Questo risultato infatti rappresenta la conferma del valore di una ricerca sulla qualità che per forza di cose, in una piccola azienda come la nostra, non può essere perseguita attraverso l’impiego di tecnologie sofisticate o attraverso un controllo meccanizzato e rigido dei processi, in funzione di un risultato predeterminato in base a strategie commerciali. Al contario, passa attraverso l’esperienza e la sensibilità maturate in anni di lavoro sul campo, affinando la capacità di dialogare e di lavorare in sinergia con l’imprevedibilità dei cicli naturali; attraverso lo sforzo continuo nel cercare le soluzioni migliori e talvolta più ingegnose per ottenere il meglio di ciò che la pianta ed il frutto possono dare, lavorando continuamente per valorizzare ciò che rende un prodotto davvero unico e ricco di una propria storia.

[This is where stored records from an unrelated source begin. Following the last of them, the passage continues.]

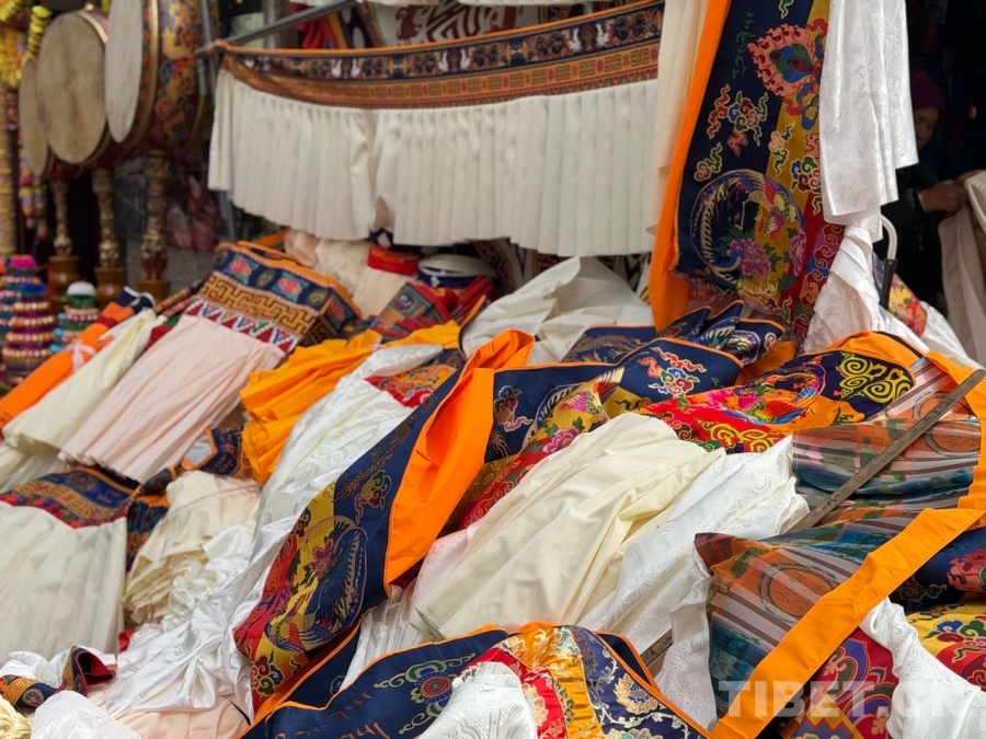 圖為香布,是懸掛于藏式建筑的門窗上部,通常用五彩綢布縫制而成,主體顏色為白色,再配上紅、藍、黃等顏色的邊沿。“香布”一年一換,祈求新意和吉祥,也標志著新年的到來。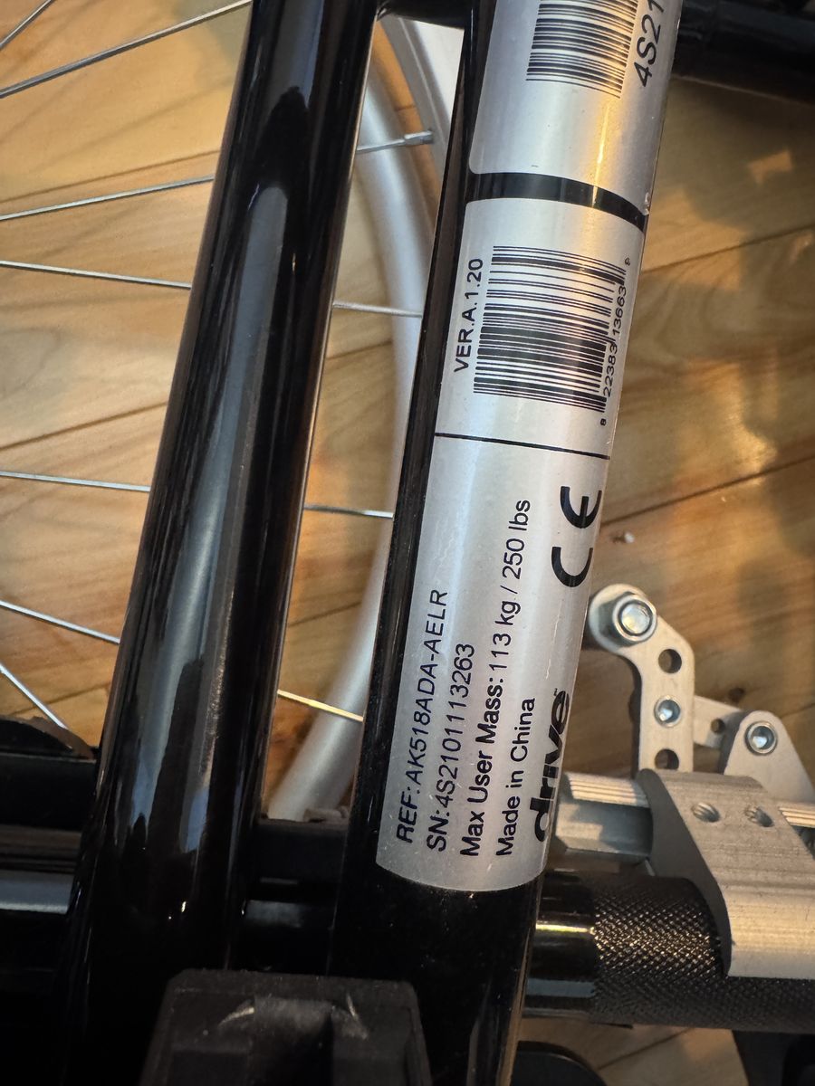 Features: 18" seat Elevating leg rests Ultra lightweight aluminum frame Quick-release rear wheels Folding back 250 lb weight capacity Clean and in excellent condition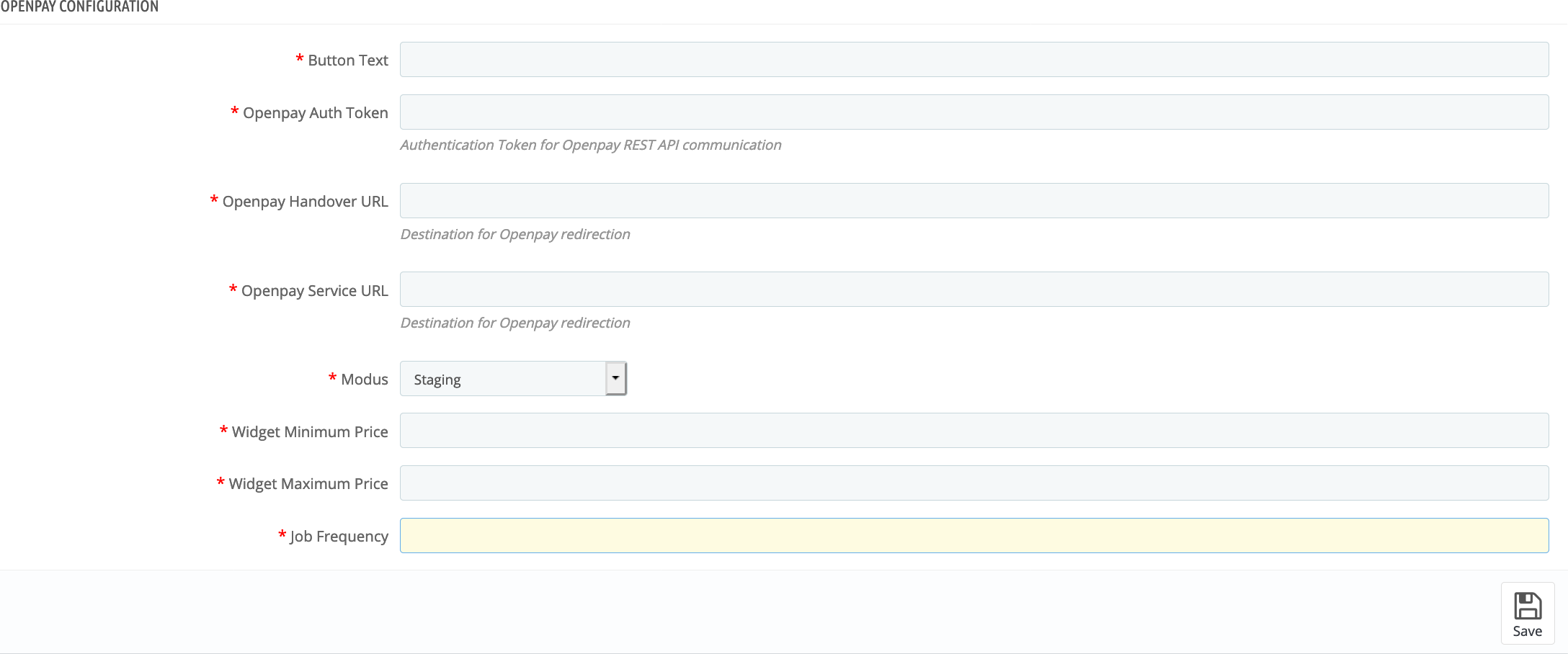 For the Openpay integration to work, the following needs to be configured in the Backoffice.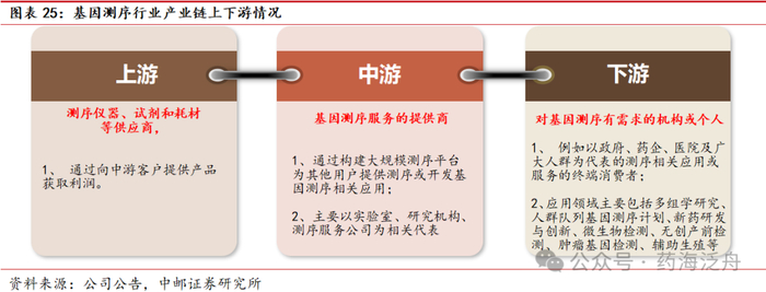 公司处于基因测序产业链上游,通过向中游客户提供产品获取利润。基因测序产业链的下游主要是对基因测序有需求的机构或个人,例如以政府、药企、医院及广大人群为代表的测序相关应用或服务的终端消费者,应用领域主要包括多组学研究、人群队列基因测序计划、新药研发与创新、微生物检测、无创产前检测、肿瘤基因检测、辅助生殖等;产业链的中游是基因测序服务的提供商,通过构建大规模测序平台为其他用户提供测序或开发基因测序相关应用,主要以实验室、研究机构、测序服务公司为相关代表;上游则是测序仪器、试剂和耗材等供应商,通过向中游客户提供产品获取利润。

Questo risultato ci permette di dire con soddisfazione ed ottimismo che nel nostro mondo c’è ancora spazio anche per noi, piccoli artigiani del vino, per dire la nostra. Perseguire l’eccellenza attraverso semplici gesti, cure ed attenzioni quotidiane, attraverso un confronto costante con ciò che la natura ci offre, è in definitiva ciò che amiamo fare. Alimentare un sapere che si coltiva e si conserva, che rimane custodito in una terra e nell’esperienza di chi ne cresce e ne raccoglie i frutti con rispetto; è il lavoro che abbiamo appreso da una tradizione e che ci piace portare avanti. Ed è il lavoro che ci piace raccontare a chiunque abbia la curiosità di scoprirne i frutti, affondando i sensi nel bicchiere fino all’ultimo sorso. Con la certezza ovviamente che in ciascuna bottiglia non troverà nulla di diverso da quello stesso vino che ha saputo affascinare e colpire la Giuria del concorso: abbiamo già abbastanza da fare da non poterci permettere di crescere dei figlioli di serie A e dei figlioli di serie B!